Leave every picture out, and print the full listing again exactly.

######

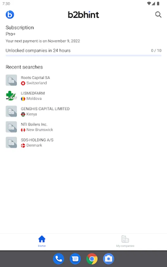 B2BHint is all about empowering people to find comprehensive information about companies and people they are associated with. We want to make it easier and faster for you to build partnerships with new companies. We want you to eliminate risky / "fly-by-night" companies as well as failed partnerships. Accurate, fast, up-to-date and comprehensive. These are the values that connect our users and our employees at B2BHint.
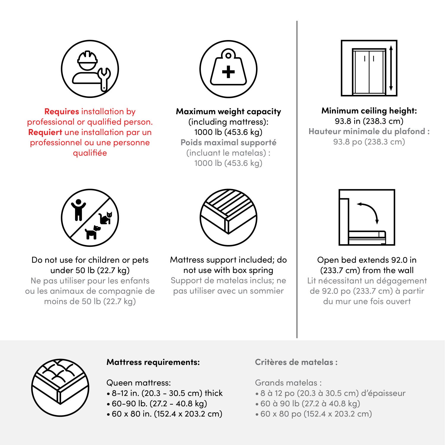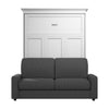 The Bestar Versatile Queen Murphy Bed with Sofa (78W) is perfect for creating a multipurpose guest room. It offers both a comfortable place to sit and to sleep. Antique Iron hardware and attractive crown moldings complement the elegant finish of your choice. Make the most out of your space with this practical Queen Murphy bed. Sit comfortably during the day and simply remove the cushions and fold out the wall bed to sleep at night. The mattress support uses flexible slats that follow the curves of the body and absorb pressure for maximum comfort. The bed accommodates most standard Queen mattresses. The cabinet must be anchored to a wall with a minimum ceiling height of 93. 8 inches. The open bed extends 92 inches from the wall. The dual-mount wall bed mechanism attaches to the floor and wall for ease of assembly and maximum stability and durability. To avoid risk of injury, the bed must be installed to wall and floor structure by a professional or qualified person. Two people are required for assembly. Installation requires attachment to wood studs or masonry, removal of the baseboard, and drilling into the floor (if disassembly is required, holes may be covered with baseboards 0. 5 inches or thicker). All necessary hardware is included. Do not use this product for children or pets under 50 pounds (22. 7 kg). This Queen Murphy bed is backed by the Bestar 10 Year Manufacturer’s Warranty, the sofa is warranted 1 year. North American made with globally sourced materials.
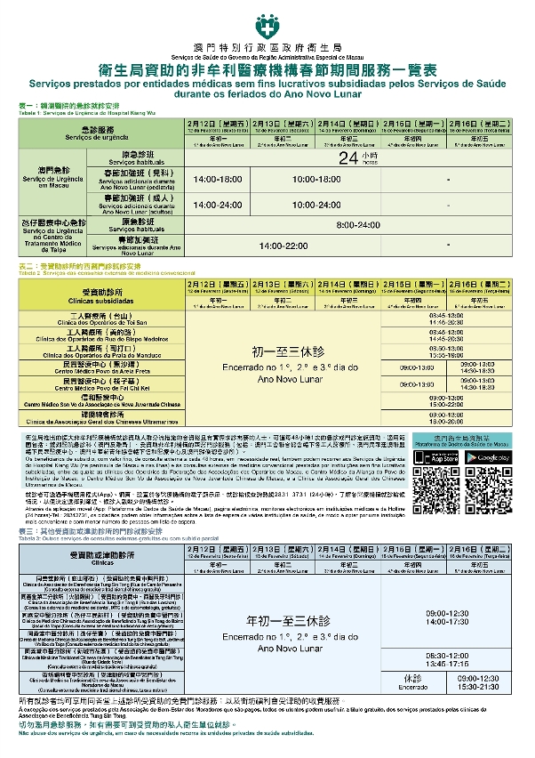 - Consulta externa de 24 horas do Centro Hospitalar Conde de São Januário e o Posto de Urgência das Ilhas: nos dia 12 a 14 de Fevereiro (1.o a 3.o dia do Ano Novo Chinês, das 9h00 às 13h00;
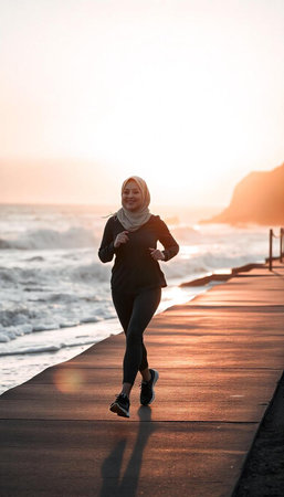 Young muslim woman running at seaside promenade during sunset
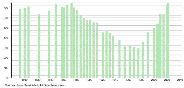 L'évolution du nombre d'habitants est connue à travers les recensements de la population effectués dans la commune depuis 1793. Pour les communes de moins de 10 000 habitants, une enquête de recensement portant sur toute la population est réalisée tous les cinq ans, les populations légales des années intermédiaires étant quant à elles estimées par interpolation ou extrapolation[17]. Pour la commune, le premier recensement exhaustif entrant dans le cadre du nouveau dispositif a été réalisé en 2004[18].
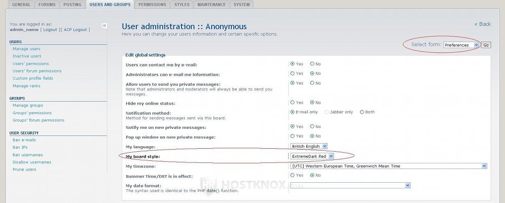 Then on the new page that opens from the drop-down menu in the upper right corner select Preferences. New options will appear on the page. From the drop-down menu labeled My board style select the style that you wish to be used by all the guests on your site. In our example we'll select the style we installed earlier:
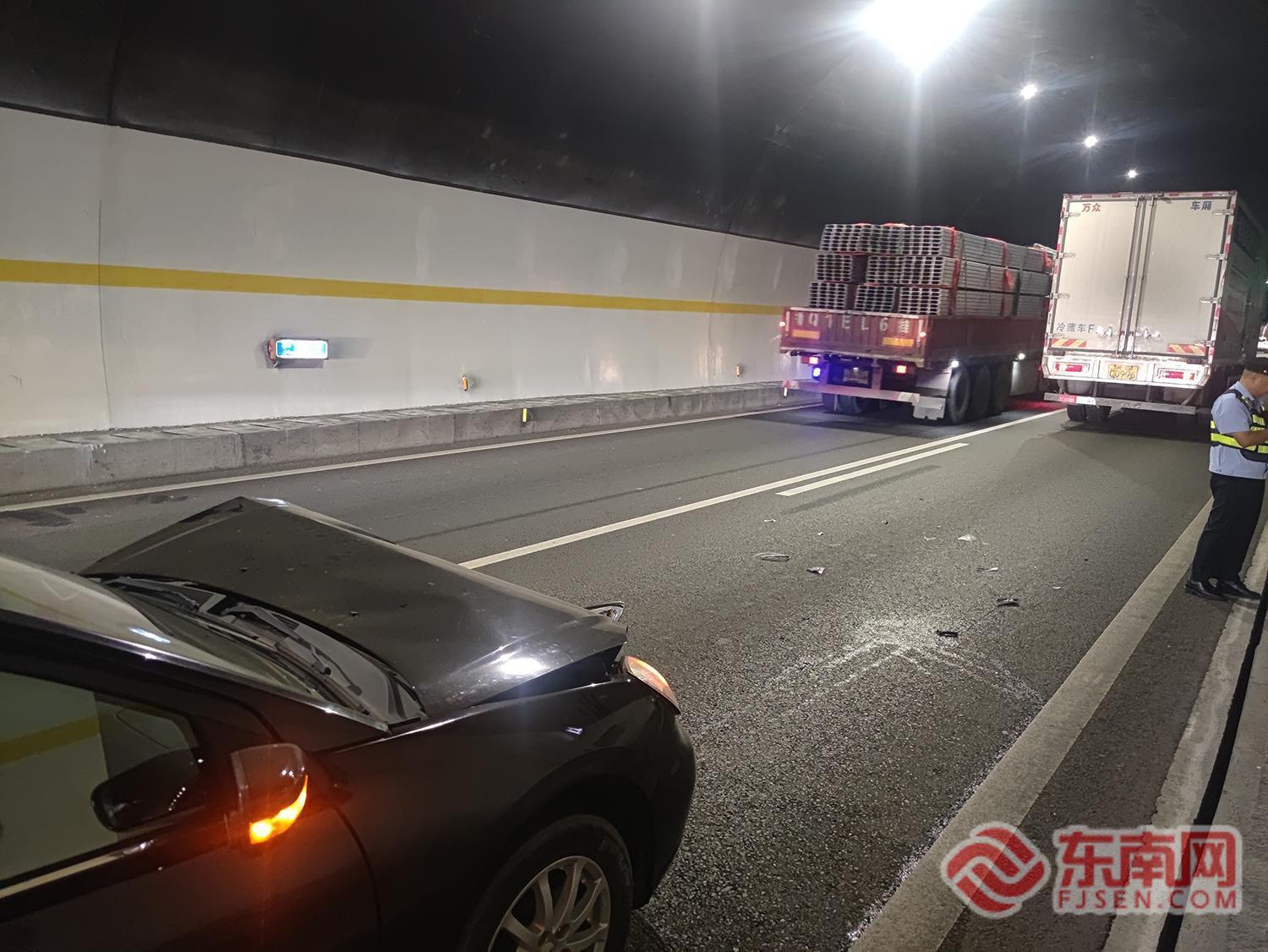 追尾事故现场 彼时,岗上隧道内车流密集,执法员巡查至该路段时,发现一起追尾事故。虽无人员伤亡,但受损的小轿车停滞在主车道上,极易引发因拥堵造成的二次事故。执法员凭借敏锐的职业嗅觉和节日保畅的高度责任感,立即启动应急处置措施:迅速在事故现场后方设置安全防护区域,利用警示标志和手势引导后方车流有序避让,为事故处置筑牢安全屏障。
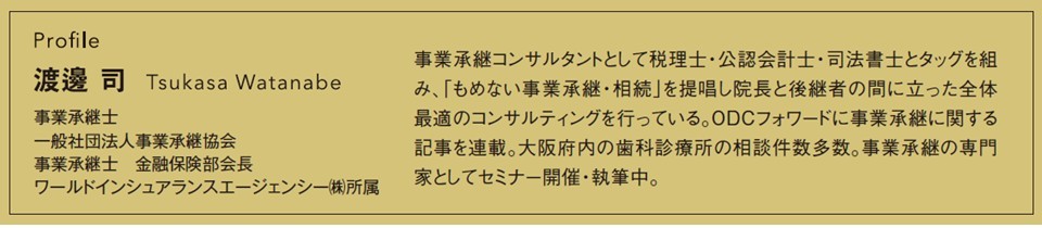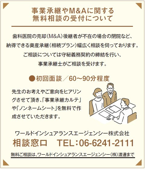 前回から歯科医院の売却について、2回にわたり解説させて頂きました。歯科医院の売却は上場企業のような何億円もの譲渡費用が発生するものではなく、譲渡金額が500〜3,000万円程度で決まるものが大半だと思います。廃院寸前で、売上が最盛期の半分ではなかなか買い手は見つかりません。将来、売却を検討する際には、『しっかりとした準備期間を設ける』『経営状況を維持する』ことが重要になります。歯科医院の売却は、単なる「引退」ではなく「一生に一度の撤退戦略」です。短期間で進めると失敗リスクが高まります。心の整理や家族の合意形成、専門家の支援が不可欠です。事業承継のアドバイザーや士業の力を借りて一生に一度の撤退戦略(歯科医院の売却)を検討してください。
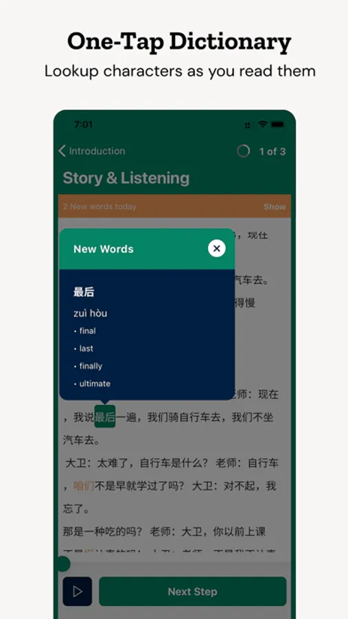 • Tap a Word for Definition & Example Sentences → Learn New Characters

######

### [WRITTEN RESPONSE]
 B2BHint is all about empowering people to find comprehensive information about companies and people they are associated with. We want to make it easier and faster for you to build partnerships with new companies. We want you to eliminate risky / "fly-by-night" companies as well as failed partnerships. Accurate, fast, up-to-date and comprehensive. These are the values that connect our users and our employees at B2BHint.
 The Bestar Versatile Queen Murphy Bed with Sofa (78W) is perfect for creating a multipurpose guest room. It offers both a comfortable place to sit and to sleep. Antique Iron hardware and attractive crown moldings complement the elegant finish of your choice. Make the most out of your space with this practical Queen Murphy bed. Sit comfortably during the day and simply remove the cushions and fold out the wall bed to sleep at night. The mattress support uses flexible slats that follow the curves of the body and absorb pressure for maximum comfort. The bed accommodates most standard Queen mattresses. The cabinet must be anchored to a wall with a minimum ceiling height of 93. 8 inches. The open bed extends 92 inches from the wall. The dual-mount wall bed mechanism attaches to the floor and wall for ease of assembly and maximum stability and durability. To avoid risk of injury, the bed must be installed to wall and floor structure by a professional or qualified person. Two people are required for assembly. Installation requires attachment to wood studs or masonry, removal of the baseboard, and drilling into the floor (if disassembly is required, holes may be covered with baseboards 0. 5 inches or thicker). All necessary hardware is included. Do not use this product for children or pets under 50 pounds (22. 7 kg). This Queen Murphy bed is backed by the Bestar 10 Year Manufacturer’s Warranty, the sofa is warranted 1 year. North American made with globally sourced materials.
 - Consulta externa de 24 horas do Centro Hospitalar Conde de São Januário e o Posto de Urgência das Ilhas: nos dia 12 a 14 de Fevereiro (1.o a 3.o dia do Ano Novo Chinês, das 9h00 às 13h00;
 Young muslim woman running at seaside promenade during sunset
 L'évolution du nombre d'habitants est connue à travers les recensements de la population effectués dans la commune depuis 1793. Pour les communes de moins de 10 000 habitants, une enquête de recensement portant sur toute la population est réalisée tous les cinq ans, les populations légales des années intermédiaires étant quant à elles estimées par interpolation ou extrapolation[17]. Pour la commune, le premier recensement exhaustif entrant dans le cadre du nouveau dispositif a été réalisé en 2004[18].
 Then on the new page that opens from the drop-down menu in the upper right corner select Preferences. New options will appear on the page. From the drop-down menu labeled My board style select the style that you wish to be used by all the guests on your site. In our example we'll select the style we installed earlier:
 追尾事故现场 彼时,岗上隧道内车流密集,执法员巡查至该路段时,发现一起追尾事故。虽无人员伤亡,但受损的小轿车停滞在主车道上,极易引发因拥堵造成的二次事故。执法员凭借敏锐的职业嗅觉和节日保畅的高度责任感,立即启动应急处置措施:迅速在事故现场后方设置安全防护区域,利用警示标志和手势引导后方车流有序避让,为事故处置筑牢安全屏障。
 前回から歯科医院の売却について、2回にわたり解説させて頂きました。歯科医院の売却は上場企業のような何億円もの譲渡費用が発生するものではなく、譲渡金額が500〜3,000万円程度で決まるものが大半だと思います。廃院寸前で、売上が最盛期の半分ではなかなか買い手は見つかりません。将来、売却を検討する際には、『しっかりとした準備期間を設ける』『経営状況を維持する』ことが重要になります。歯科医院の売却は、単なる「引退」ではなく「一生に一度の撤退戦略」です。短期間で進めると失敗リスクが高まります。心の整理や家族の合意形成、専門家の支援が不可欠です。事業承継のアドバイザーや士業の力を借りて一生に一度の撤退戦略(歯科医院の売却)を検討してください。
 • Tap a Word for Definition & Example Sentences → Learn New Characters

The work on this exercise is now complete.